I am making a library which lets user insert and search key-value pairs as trie data structure. When I insert a unicode string, it breaks down into 4 characters(utf-8)(which is okay), but each character becomes ‘?’. So I tried using setlocale(LC_ALL, "")
which didn’t work (or maybe I just dunno what are the right arguments for my case and where to call it). I don’t really care about printing or reading the character as it is. All I want is that it can somehow be represented uniquely.

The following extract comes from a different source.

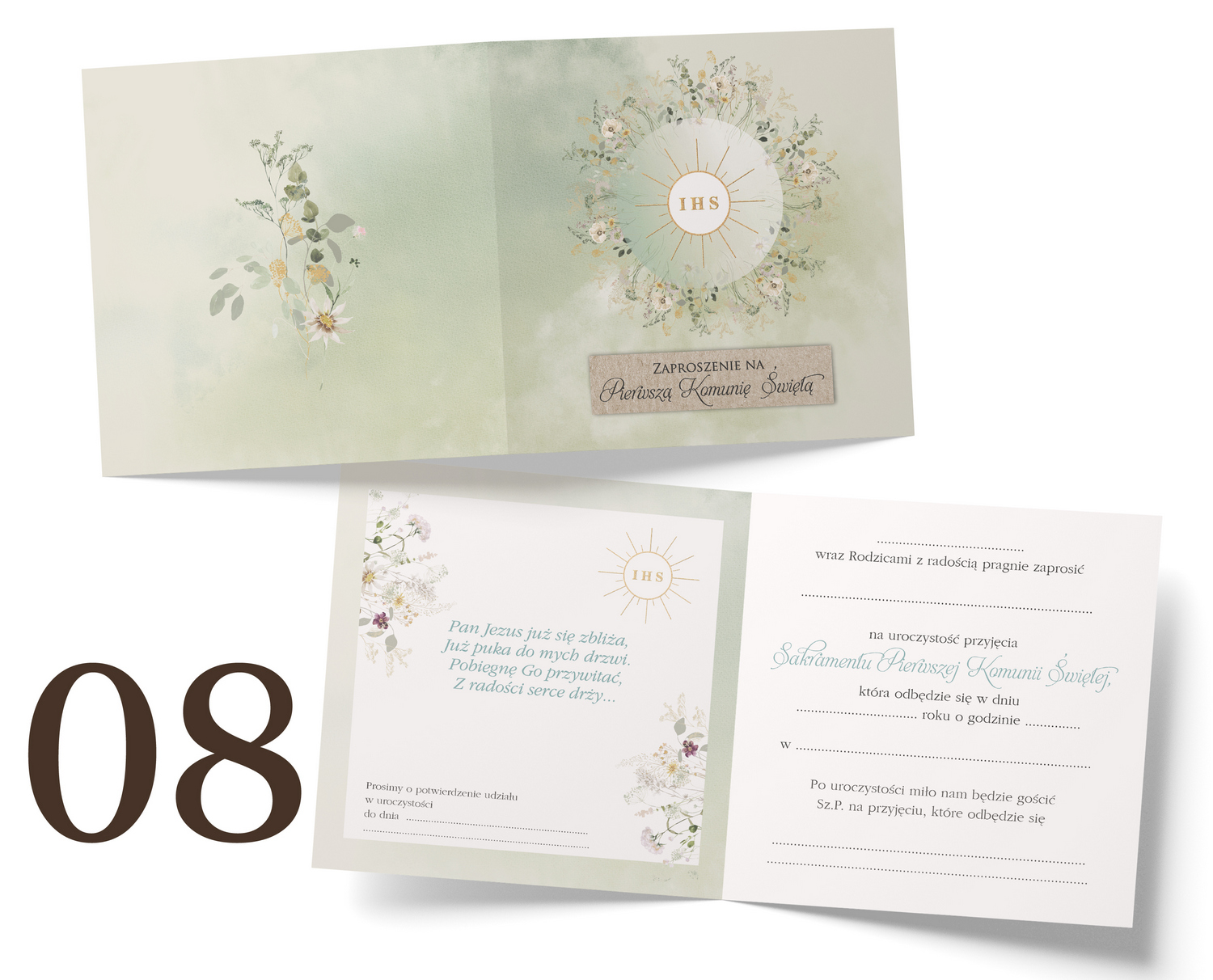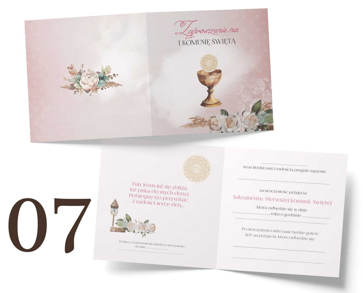 Wzory zaproszeń na Komunię Old boho
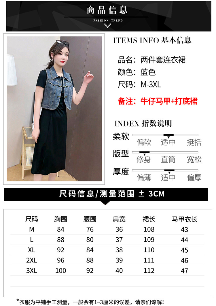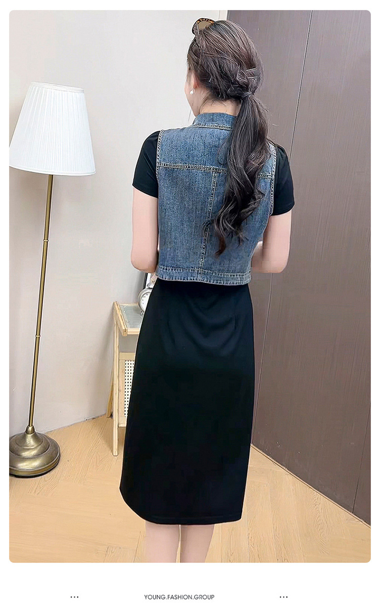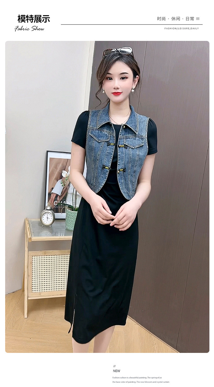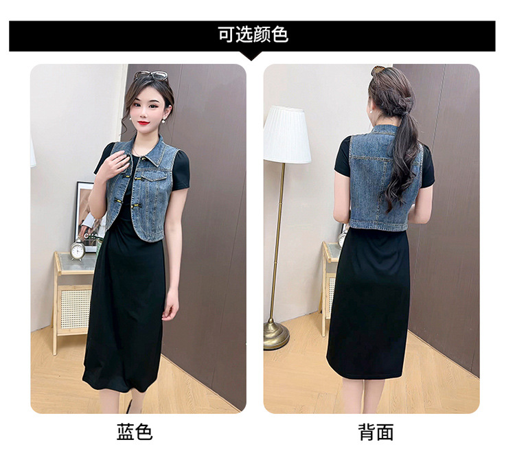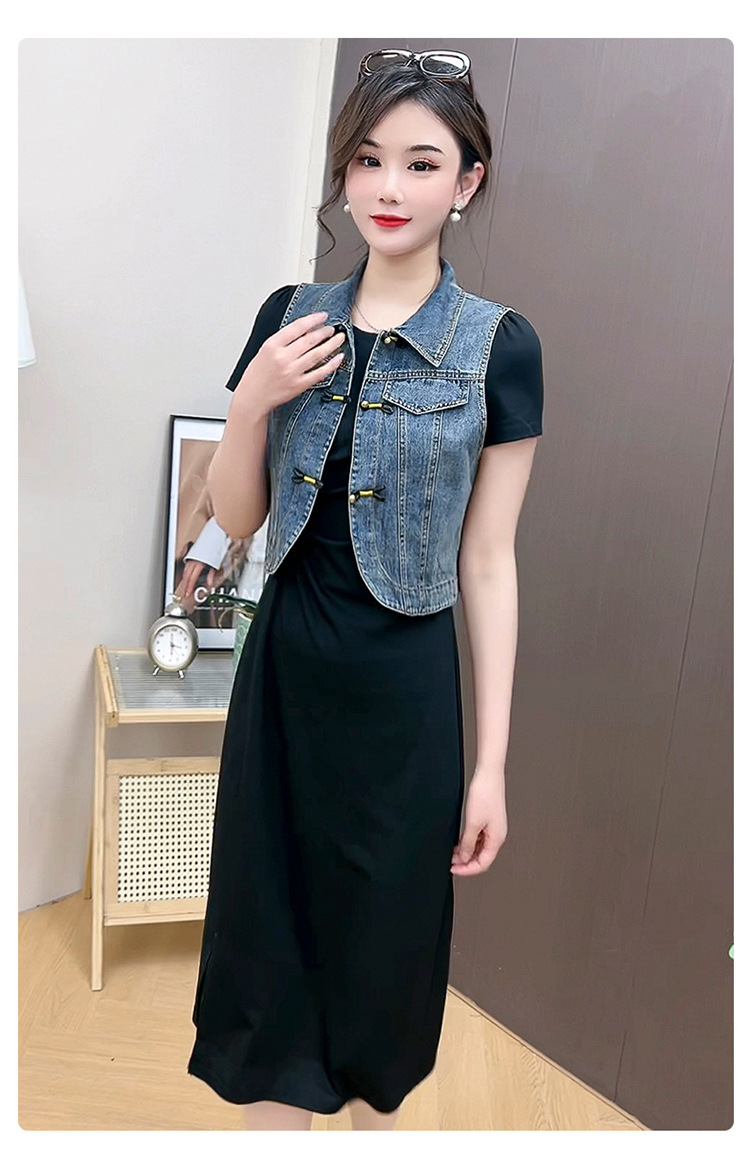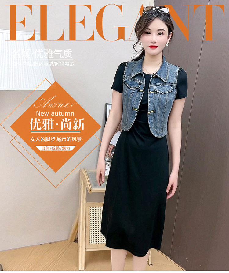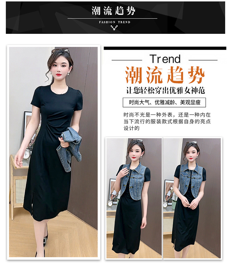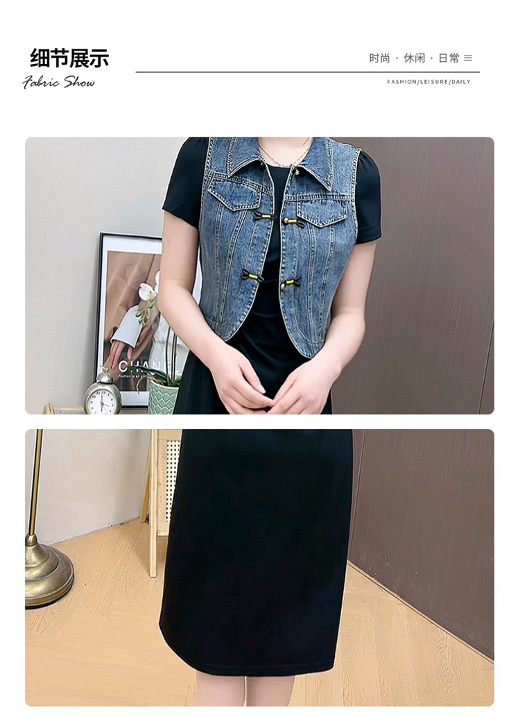 时尚内搭显瘦黑色短袖连衣裙,洋气牛仔马甲两件套QYM-YJ-24MD26-L

In my trie there are links like node *next[256]
.
So all I want is when a unicode string gets inserted, it gets inserted as a unique combination which would make it possible to search that string uniquely. Also I want a way to detect that a unicode character was broken down into 4 individual chars. Thats because, e.g., If in a string “wxyz" a unicode character “x” is broken down into a,b,c,d then trie would store “wabcdyz”. But if I was actually searching a string wabcdyz(not unicode), then it would find the entry for that string but that would be a mismatch.
Here is a program that shows the unicode character being broken down into four ?
characters:
#include <stdio.h>
int main()
{
printf("Hello World");
char a[] = "Ƃ";
int i;
for(i = 0 ; a[i] != '\0' ; ++i)
{
printf("%c", a[i]);
}
return 0;
}